See, we all know Jesus wasn't born on December 25th. Santa isn't really the Turkish St. Nicholas, he's a merry manifestation of Coca-Cola and a jolly face reflecting the pure wide-eyed greed of Western children. And that's okay! It's still a great time, with all those colorful twinkling lights and Nat King Cole and Linus Van Pelt on the telly. If you have kids, it's worth all those Target card migraines to see their eyes light up like those battery-heavy toys they'll soon break. If you don't, it's a gentle time to curl up with a hot cup of cocoa and watch Ralphie Parker angle for that Red Ryder carbine-action, two-hundred-shot Range Model air rifle all over again. We each have our own holiday traditions, and we revel in the joy of our comforting annual routine.
For me, of course, there's not much that's holy, per se, about the last week of December, yet I've always tried to make it a point of updating this blog on or just before Christmas Eve. I like to put my best foot forward in this entry, as one of my traditions is to remind you that for all my contentious contrarianism, I really do care about all you close ones as an actual, normal human being might do. This may be an agnostic blog, but I know what I know, and one of those facts is that ultimately, life and humanity are worth celebrating, especially in unison.

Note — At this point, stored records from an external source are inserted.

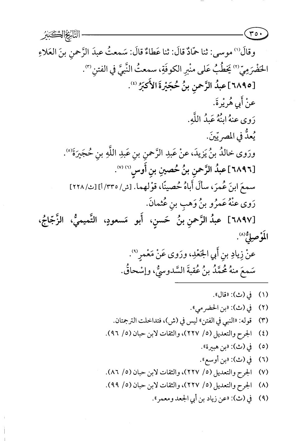 كتاب التاريخ الكبير للبخاري - ت الدباسي والنحال (اسم الجزء: 6)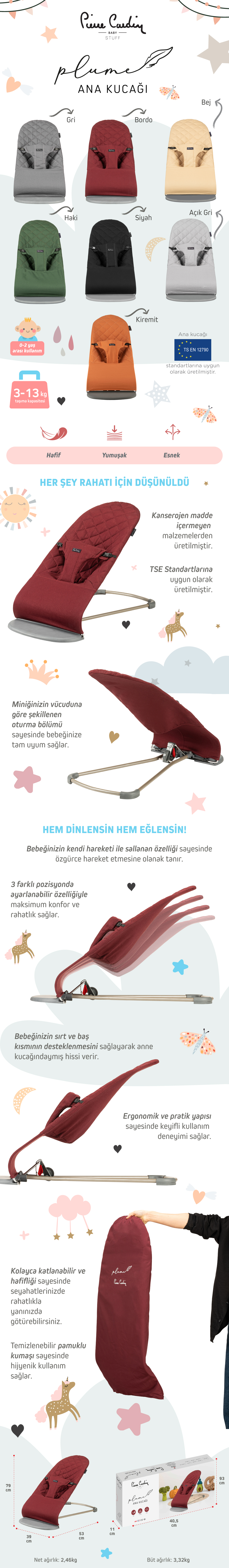 - Malzeme Kalitesi: Kanserojen madde içermeyen güvenli malzemelerden üretilir. Pierre Cardin Plume ana kucağı bordo rengi de seçenekler arasındadır.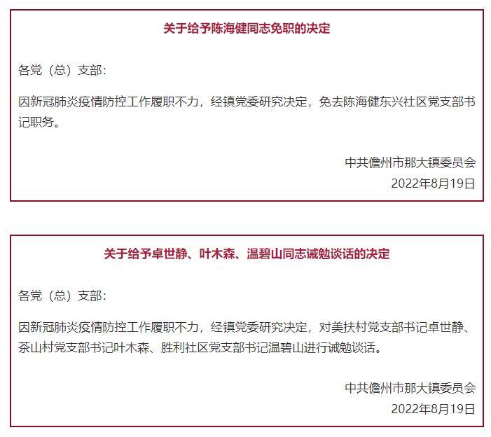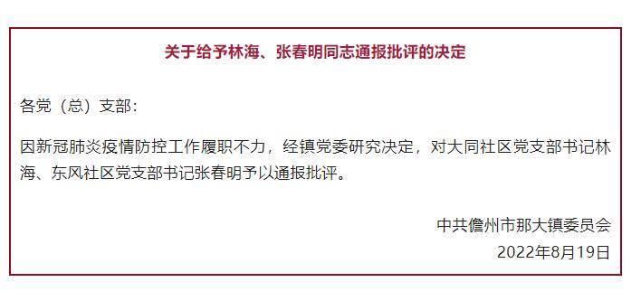 8月20日,海南儋州市委宣传部发布消息,因新冠肺炎疫情防控工作履职不力,海南儋州那大镇多名干部被问责,详情如下: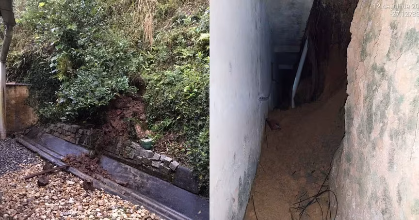 Três ocorrências foram registradas. Trata-se de dois deslizamentos no bairro Azambuja e um no bairro Poço Fundo.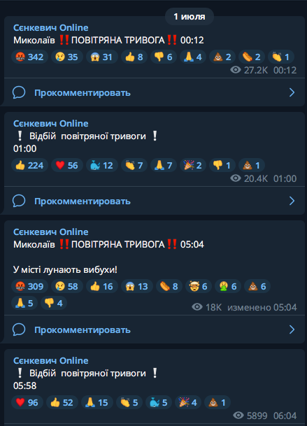 Других деталей он не уточнил. Воздушная тревога завершилась по состоянию на 05:58.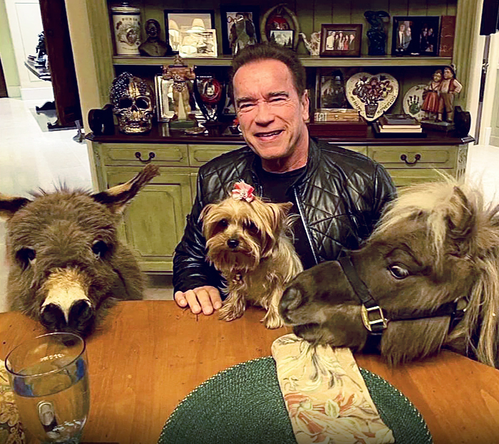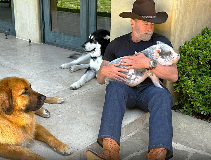Шварценеггер по-прежнему полон сил и энергии, снимается в художественных и документальных фильмах, принимает активное участие в социальных проектах. А еще у Арнольда есть четвероногие друзья: лабрадор Густав, терьер Черри, леонбергер Шницель, маламут Датч, свинка Шнелли, ослица Лулу и пони Виски. Арни души не чает в домашних питомцах и с любовью заботится о них каждый день.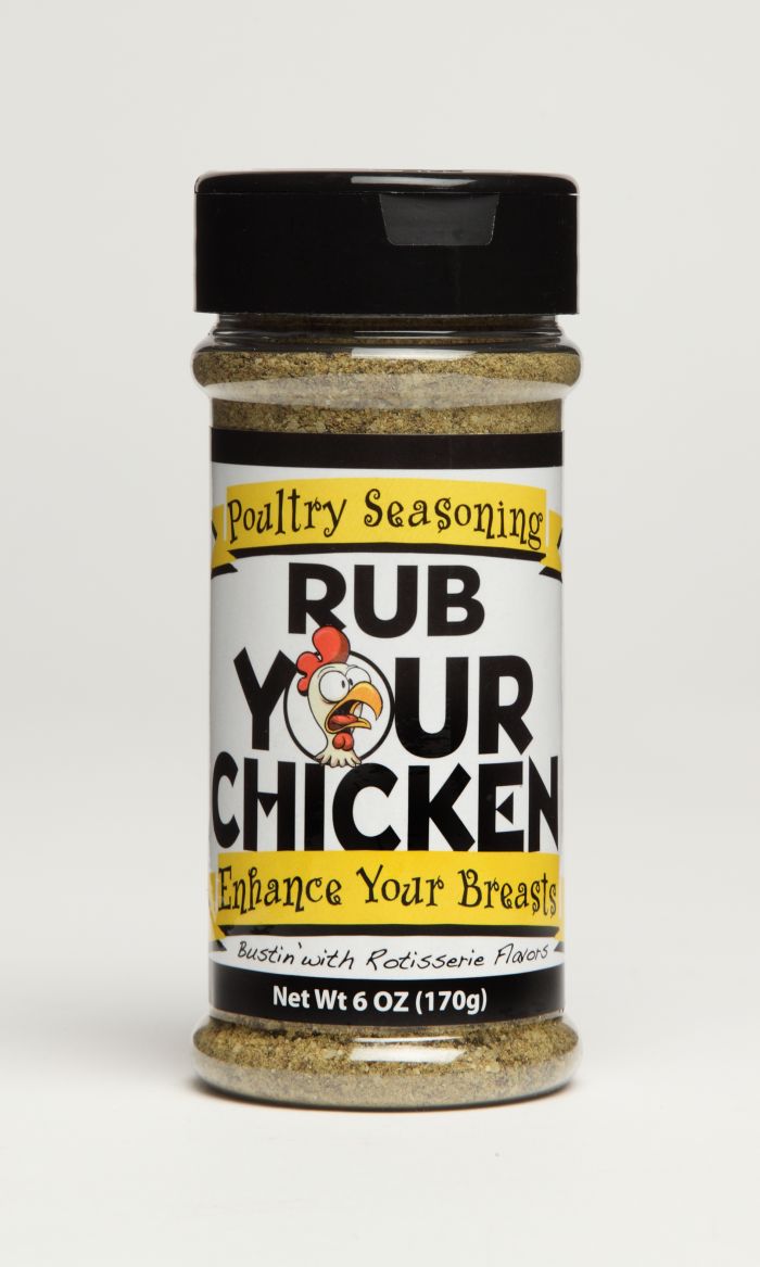 Rub Your Chicken Poultry Seasoning in the perfect combination of spices and herbs with a touch of citrus that adds incredible flavor to any meal. Whether you're cooking in the kitchen, grilling on the patio, or smoking at the ranch, Rub Your Chicken is the essential seasonings for all things that cluck. So, before you cook up your next bird, don't forget to rub your chicken and enhance those breasts.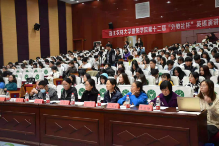 12月3日晚,由必赢766net手机版教务部、人文学院、上海外语教育出版社主办,人文学院外语系、人文学院分团委、学生会承办的学院第十二届“外教社杯”英语演讲比赛决赛在图书馆报告厅如期举行。必赢766net手机版副院长李叔君、袁志刚,园林学院院长白尚斌,人文学院院长刘伯茹,人文学院党总支书记宣王威,上海外语教育出版社浙江区域经理孙朝出席本次活动。刘伯茹代表大赛组委会宣布决赛开幕,教师代表和200余名学生现场观摩。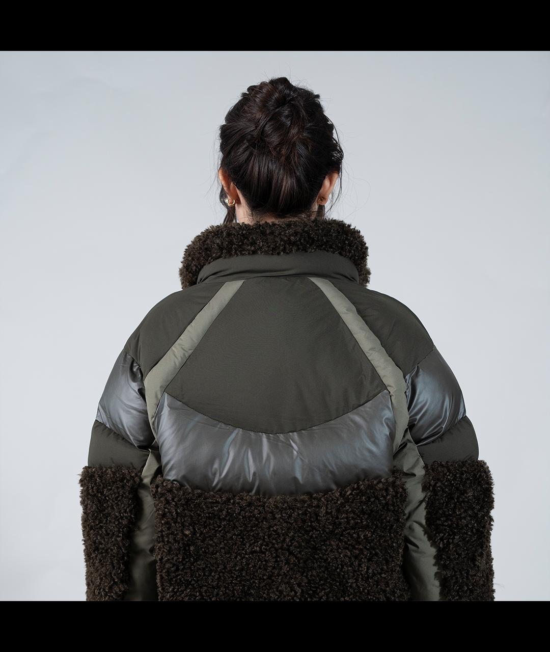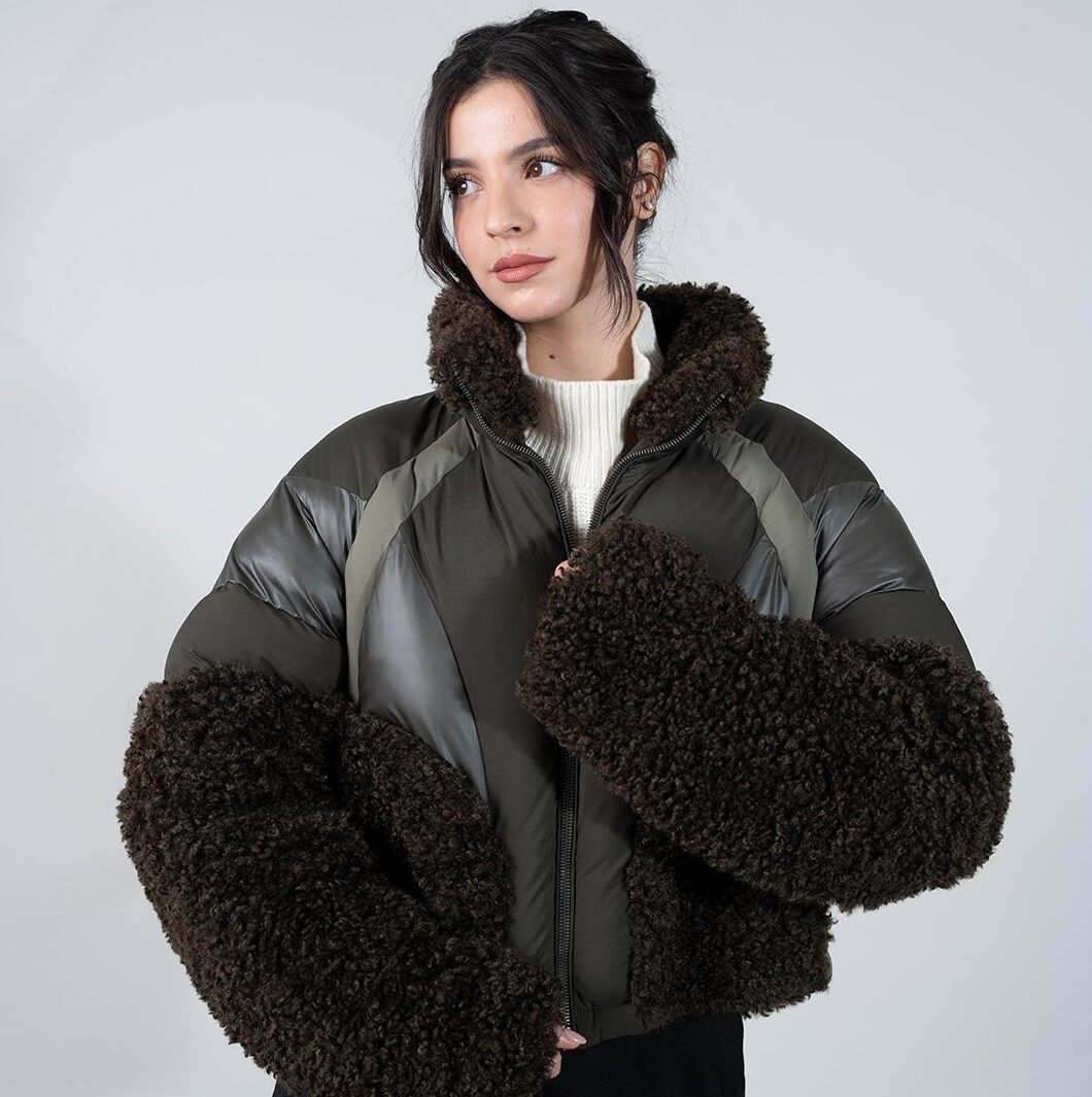 Urban Code – Piumino cropped khaki con inserti in ecopelliccia e nylon. Interno sintetico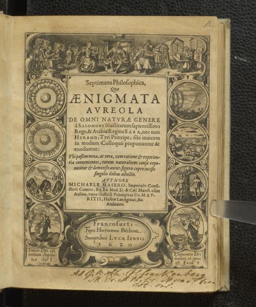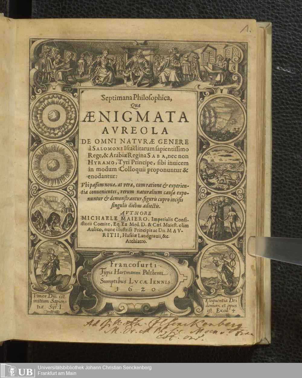 Septimana Philosophica : Qua Aenigmata Aureola De Omni Naturae Genere a Salomone Israe͏̈litarum sapientissimo Rege, & Arabiae Regina Saba, nec non Hyramo, Tyri Principe ... Colloquii proponuntur & enodantur ... / Authore Michaele Maiero ...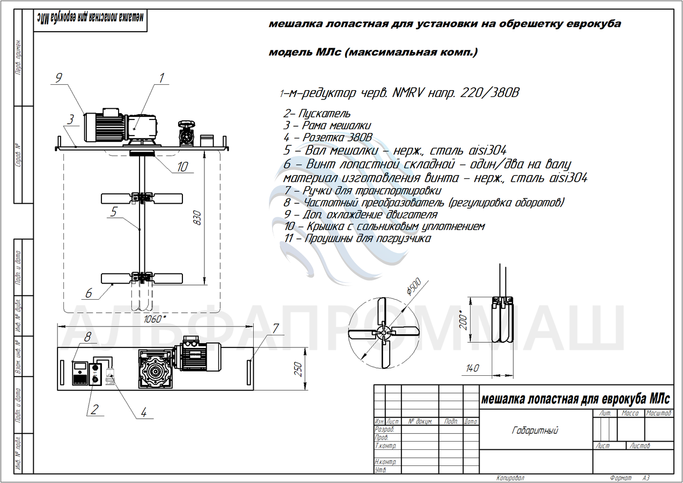 МЛс-1(2)х500/-L-830/-0,55 (до 3кВт) - 140 (до 560 об/мин) - 380В (220В)/-К-А(В)-Ус-Ч МЛс мешалка лопастная самораскрывающаяся 1(2) колличество винтов на валу 500 - диаметр винта в раскрытом состоянии (от 200 до 600мм)* L-830 - длина вала мешалки в емкости стандартная (по запросу можно изменить) 0,55 - мощность электродвигателя мотор-редуктора 140 - число оборотов вала мешалки 380В - напряжение К - исполнение по марке стали К-нержавеющая aisi304 (201, 316) А - общепромышленное исполнение электродвигателя (А) взрывозащищенный (В) Ус - крышка еврокуба с установленным сальниковым уплотнением вала Ч - частотный регулятор оборотов вала мешалки или отдельный шкаф управления |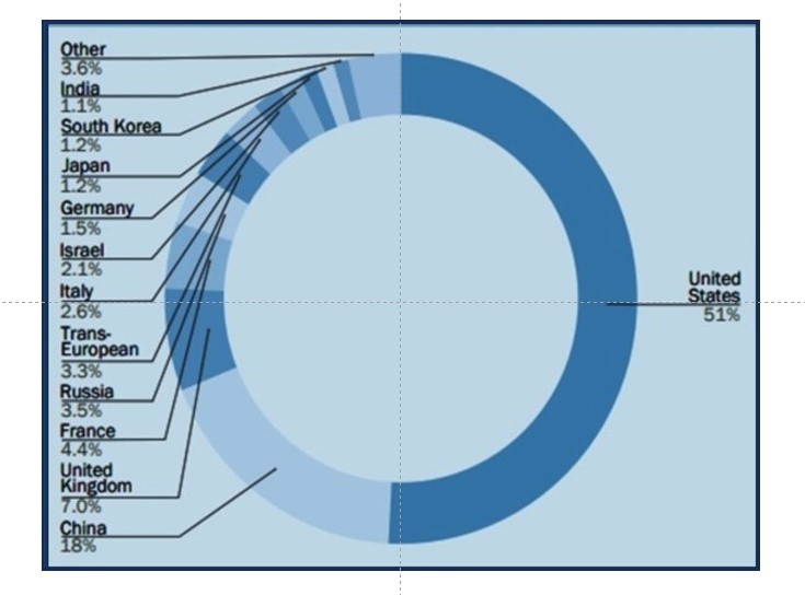 Dennoch bleiben die USA das waffenstarrendste Land auf der Erde: Bei nur 4% der Weltbevölkerung, kommen die US-Amerikaner auf 39 Prozent der Weltmilitärausgaben und 51 Prozent der gesamten Rüstungsgeschäfte der Top 100 Waffenfabriken. 42 der Top 100 Rüstungskonzerne haben ihren Sitz in den USA und bringen es zusammen auf 302 Milliarden Dollar Waffen-Verkäufe.

Christians like to talk about "the reason for the season." Well, listen, Jesus may be the reason for a whole lot of things, but he's not the reason for this particular season. Christians moved Christmas to late December in order to occupy territory once owned proudly by the winter solstice. That's the reason for this season, and it's a great one--not because the sun god holds any sway over us, but because the sun does. Every one of us is susceptible, at least to some degree, to seasonal affective disorder. As days get shorter, our moods darken, too. As we tear pages away from the calendar, we're reminded of all we've failed to accomplish. Some of us, it pains to me to say, had a lousy 2013. Some folks didn't make it to the end. But I'm not trying to bum anyone out; quite the opposite. Because we, Gentle Reader, you and me? We're still here. We hung on. The days are lengthening again, so now it's time to look ahead to all the possibilities inherent in a brand new year.
There's a great holiday song by Imogen Heap called "Just for Now," that exhorts us to "leave all our hopelessnesses aside, if just for a little while." And that's what these holidays mean to me. They're a time to celebrate survival and rejuvenation. If someone broke your heart this year, it will soon have happened last year, and from there it will fade in your memory. If your fortunes or health took a beating, those bruises will heal. As you sit around the tree, handing out gifts and enjoying favorite treats, know it's all about to change. That evergreen covered in lights doesn't represent our pie-in-the-sky dreams of a heavenly reward, nor even global peace among men (and women) of goodwill. It symbolizes survival in the face of freezing cold. Every apple-cheeked Christ child in a Bethlehem creche means our world is being born again even as we speak.
So shalom, my friends. We made it. Here comes the sun, and I say: it's all right.